PROBLEM TO WORK ON:
Starting at the line that contains "Ответ: y = - 0,5x", transcribe every remaining line of the data below exactly, and omit all pictures.

SUPPLIED MATERIAL:

------

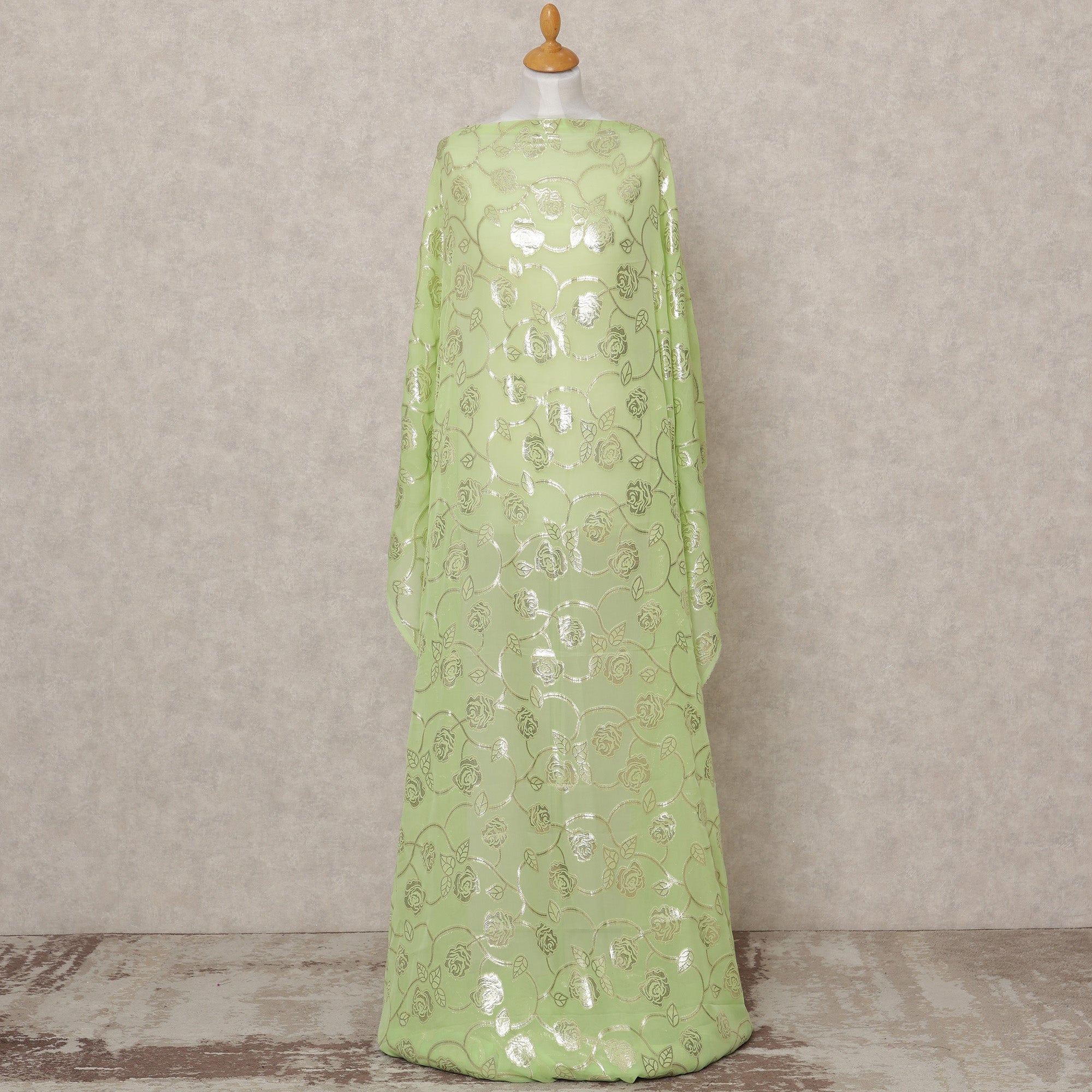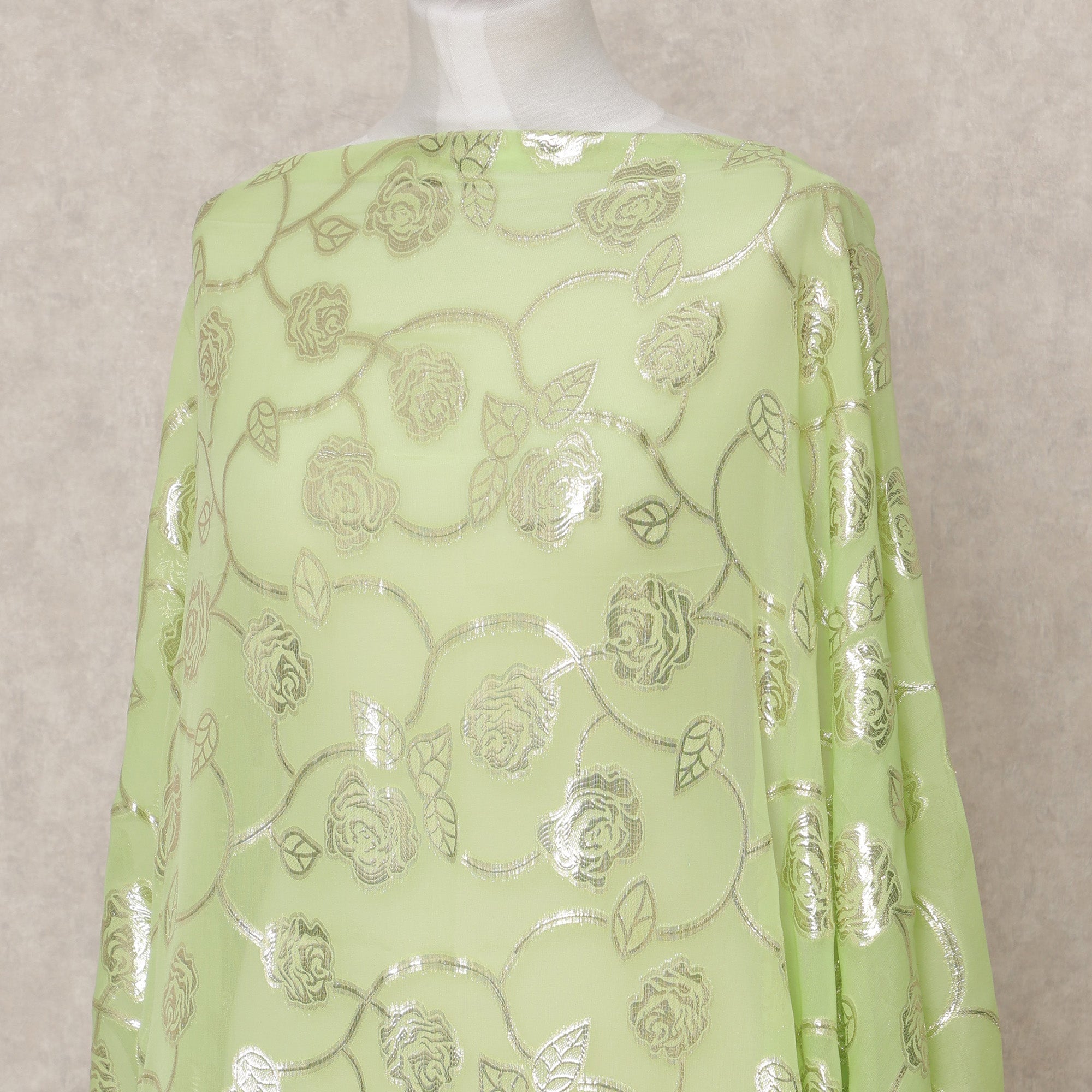 قماش ديراك شيفون حريري صومالي أخضر فستقي مع لوركس فضي معدني - 3.5 متر، عرض 140 سم، صنع في كوريا الجنوبية - D24538
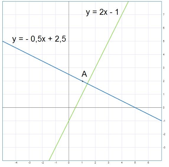 Ответ: y = - 0,5x + 2,5 уравнение перпендикулярной прямой.
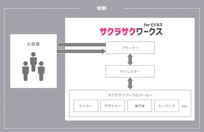 この企業側、ワーカー側のアンバランスな状況に着目して、誕生したサービスが『サクラサクワークスfor biz』です。 全国の優秀なワーカーの力を専任ディレクターが集結、管理、活用することで企業側のリソース・スキル不足を解消し、“攻め”の施策を実行できる体制を一緒に構築できるようになります。
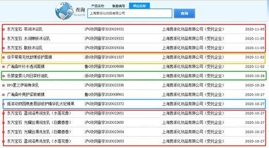 記者查詢國產(chǎn)非特殊用途化妝品備案平臺得知,上海茵派化妝品有限公司是紅地球明星草本精華卸妝水、俊平永久花純露、稚優(yōu)泉嘭潤保濕清清水、樂嬰堂嬰兒山茶油霜等近500款產(chǎn)品(包含已注銷)的生產(chǎn)企業(yè)。

------

TASK ANSWER:
 Ответ: y = - 0,5x + 2,5 уравнение перпендикулярной прямой.
 この企業側、ワーカー側のアンバランスな状況に着目して、誕生したサービスが『サクラサクワークスfor biz』です。 全国の優秀なワーカーの力を専任ディレクターが集結、管理、活用することで企業側のリソース・スキル不足を解消し、“攻め”の施策を実行できる体制を一緒に構築できるようになります。
 記者查詢國產(chǎn)非特殊用途化妝品備案平臺得知,上海茵派化妝品有限公司是紅地球明星草本精華卸妝水、俊平永久花純露、稚優(yōu)泉嘭潤保濕清清水、樂嬰堂嬰兒山茶油霜等近500款產(chǎn)品(包含已注銷)的生產(chǎn)企業(yè)。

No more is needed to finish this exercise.